On to brothers case...I am so thankful that the "error bomb" wasn't dropped on me right there in the court room. It may not have been pretty. God knew what I needed and provided that small window for me to prepare. With the error, nothing of substance could happen today. We have a new court date and a CORRECT publication going out soon. It was hard to walk out of there without the outcome I had so desperately hoped and prayed for, but I will hold onto the judges last words "We will be back August 22nd for termination."
The drive home from court was full of phone calls to family. We are all so excited that sister is going to be forever ours. No one is more excited than she! When I finally got to talk to her and told her the judges decision, she screamed and grabbed me so tight. We wept tears of joy, together, in one another's arms. She kept saying "I get to be with you FOREVER!" We went to lunch together and she looked across the table at me and smiled.
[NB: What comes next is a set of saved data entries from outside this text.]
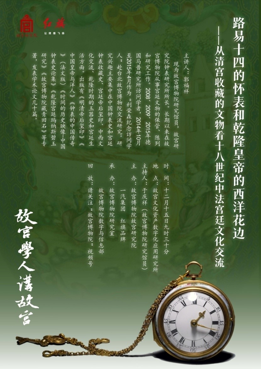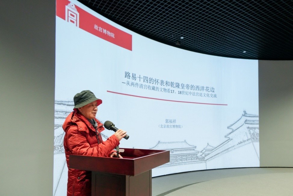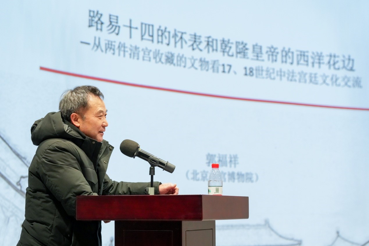 2023年12月15日上午,故宫博物院宫廷历史部副主任、研究馆员郭福祥老师作题为“路易十四的怀表和乾隆皇帝的西洋花边:从清宫收藏的文物看十八世纪中法宫廷文化交流”的专题讲座。郭福祥,现为故宫博物院研究馆员,故宫研究院钟表研究所所长。长期以来在故宫博物院从事宫廷文物的保管、陈列和研究工作。2008、2009、2015年德国马普研究所访问学者,2014年10月至2015年4月作为“利荣森纪念访问学人”赴台北故宫博物院交流研究。研究兴趣主要集中在中国钟表史和宫廷钟表收藏史、宫廷帝后玺印、中西文化交流、乾隆时期的玉器史和宫廷生活方面。出版有《明清帝后玺印》《中国皇帝与洋人》《钟表的中国传奇》(法文版)《时间的历史映像-中国钟表史论集》《乾隆宫廷玛纳斯碧玉研究》《故宫博物院藏青田石》等专著,发表学术论文数十篇。
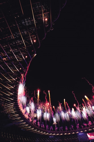 「龍騰」主場館的外觀上就像一條迤邐欲飛的龍,並大膽採用了帶有迎賓意味的開口型設計,龍的首尾並不相啣,完全顛覆了以往運動會場總是圓形或蛋形設計的窠臼。
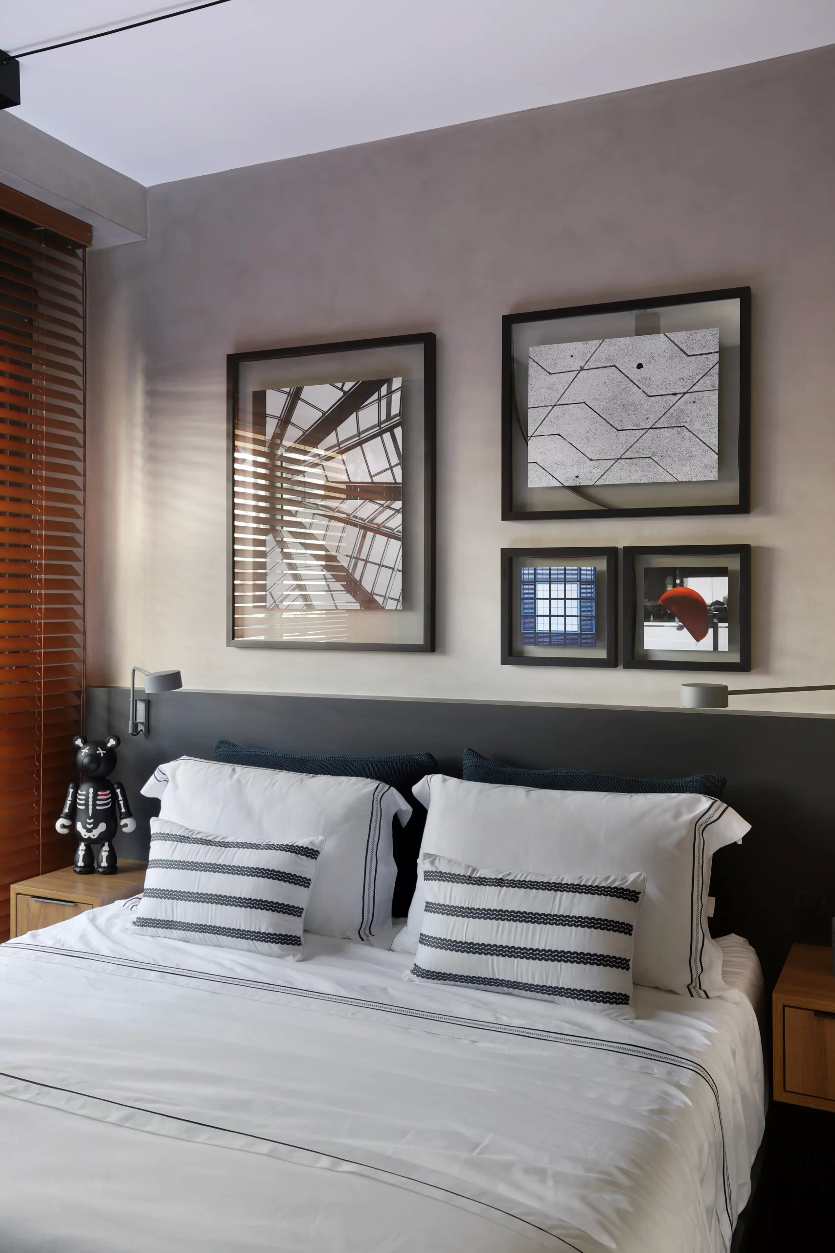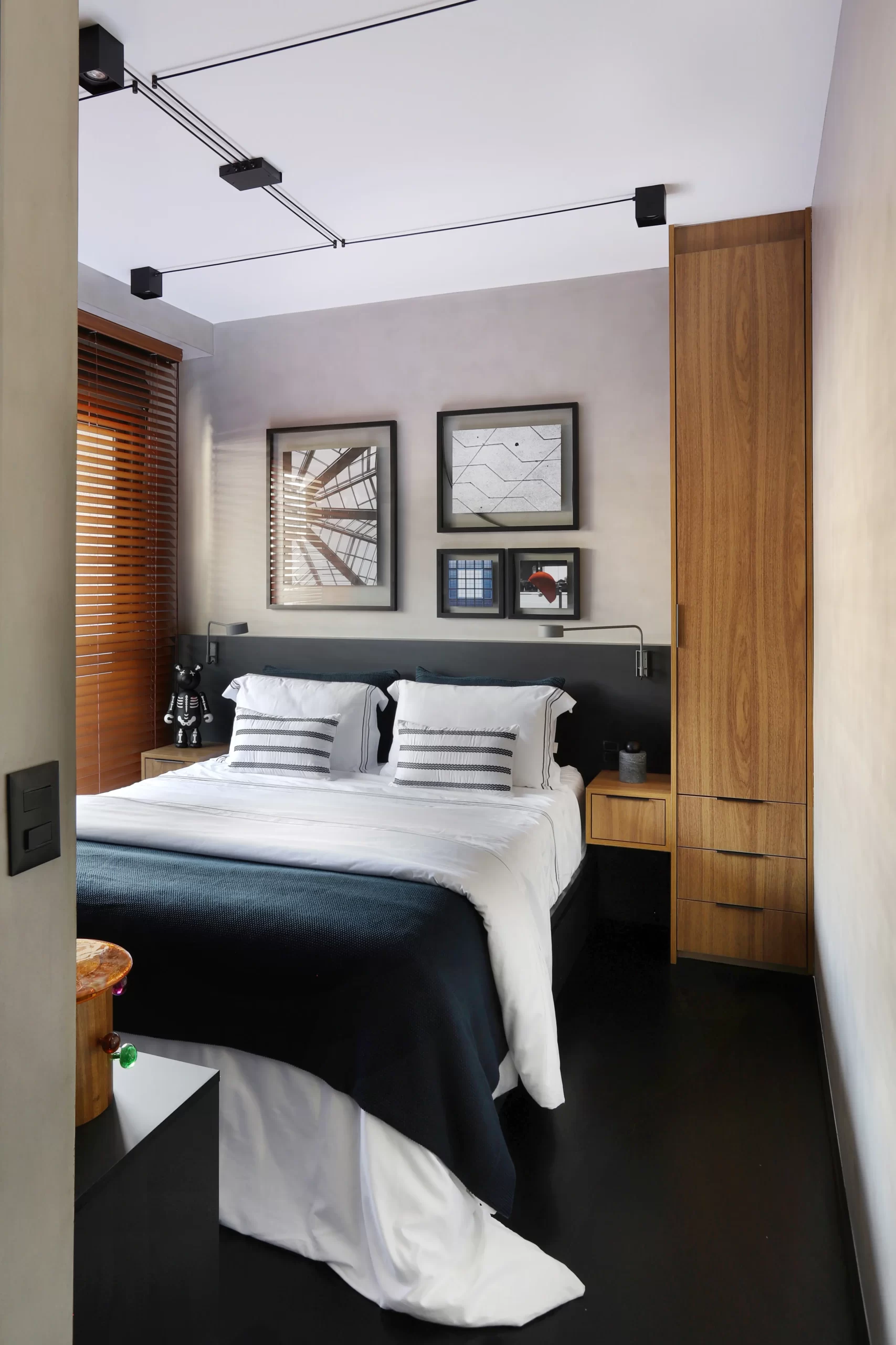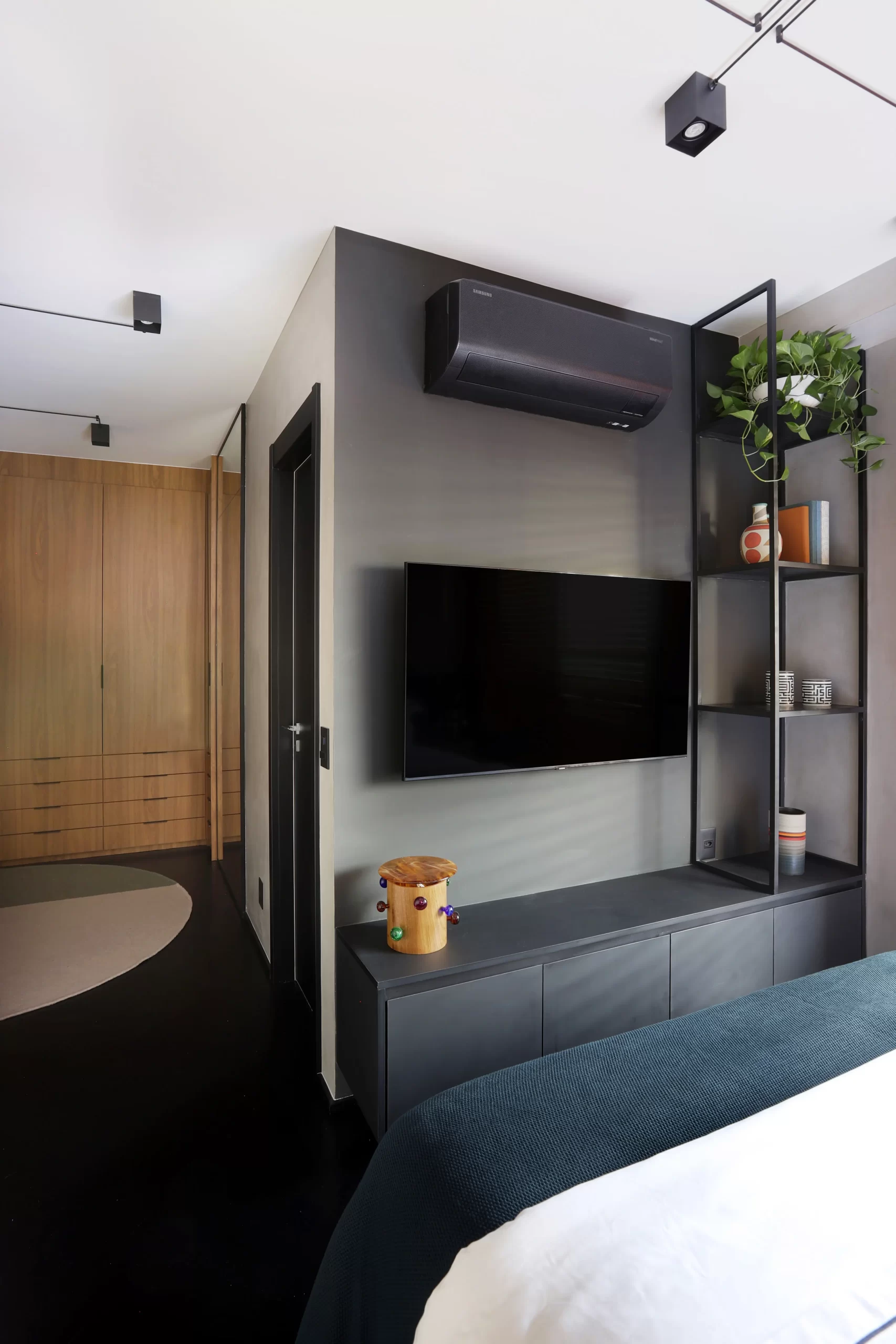 O home office conta com bancada em fórmica preta, nichos com iluminação e tomadas embutidas. Já a área da cama tem cabeceira em MDF preto com profundidade para objetos, mesas laterais suspensas e base com gavetões. Um banco sob a janela e o armário lateral em serralheria reforçam a estética industrial. Todas as portas foram laqueadas em preto, garantindo unidade ao projeto.

She said "Mom, you're going to be there when I'm a teenager, and when I get married, and when I have a baby...ohhh I know you're gonna cry when you see my baby for the first time!" Yes, my sweet girl, I'm going to be there for all those things, I'm going to be there for YOU.
I am so grateful to God that He trusted me . I am so grateful that he is constantly teaching me how to better trust HIM! I have all the faith that in the not so distant future, these babies will be officially mine, and we can continue on writing the stories of each of our lives...together!